Attorney General Jeff Sessions brushed aside state autonomy to sue California over its so-called sanctuary policies that shield undocumented immigrants from deportation. He also unleashed federal prosecutors to go after marijuana businesses in the states that have legalized cannabis sales.
Interior Secretary Ryan Zinke is butting heads with governors in coastal states over his agency’s plan to open federal waters to offshore drilling.
And Education Secretary Betsy DeVos told states they lacked the authority to crack down on predatory practices by some of the nation’s largest student loan companies.
President Donald Trump wouldn’t be the first Republican to pay lip service to states’ rights as a presidential candidate and then to govern quite differently, but the disconnect is especially jarring because he has been so vocal about the issue.
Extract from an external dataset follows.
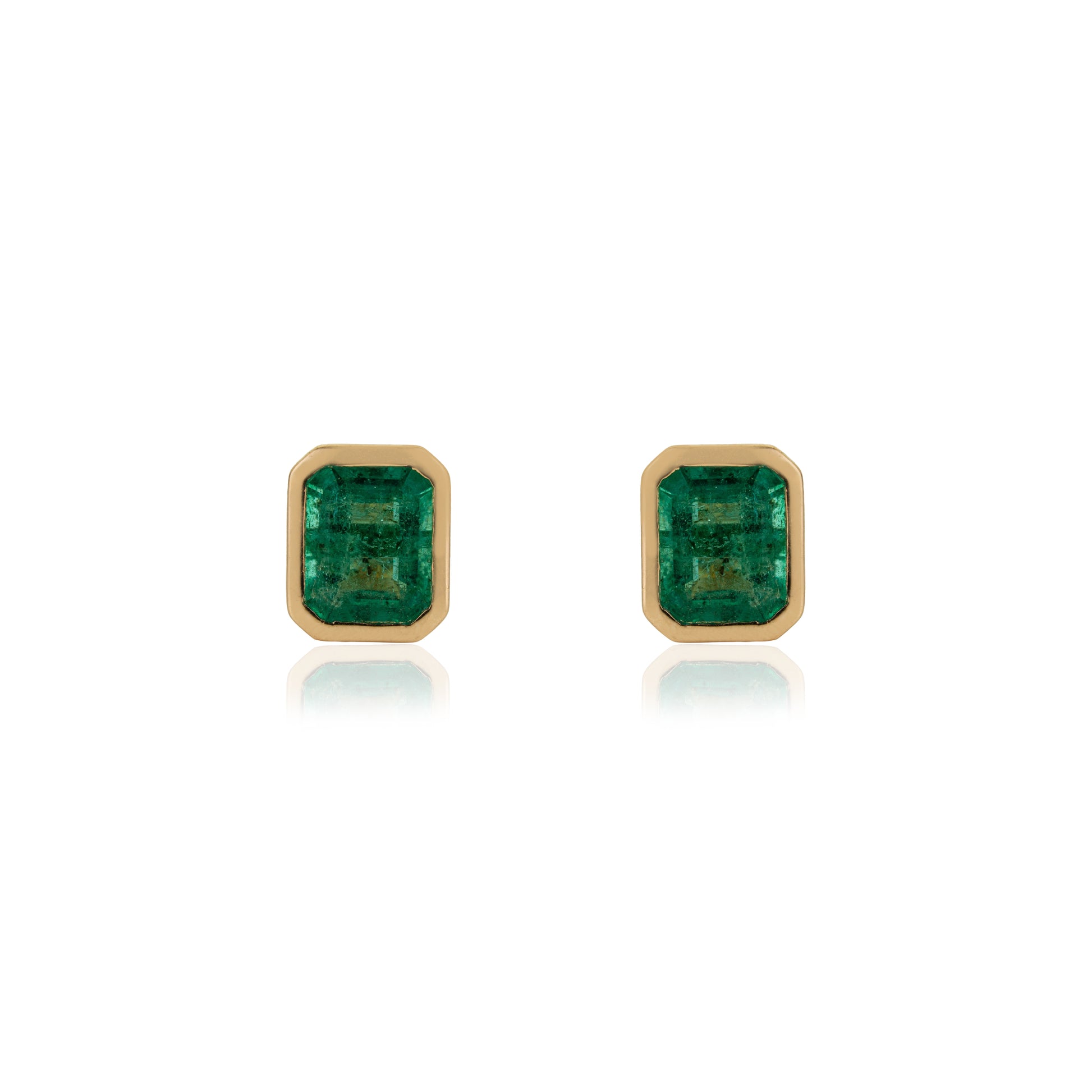 Shop minimalist emerald cut green gemstone stud earrings in gold bezel setting. Perfect for everyday wear, gifts & elegant styling.

Trump declared in his inaugural address that “we are not merely transferring power from one administration to another, or from one party to another, but we are transferring power from Washington, D.C., and giving it back to you, the American people.”
He made an even more direct commitment when he first met the nation’s governors, pledging to “make states the laboratories of democracy once again.”
Advocates of robust state authority say they’re disappointed but not surprised.
“It’s one thing when they’re not in power, and another once they come into power,” said Clark Neily of the libertarian Cato Institute.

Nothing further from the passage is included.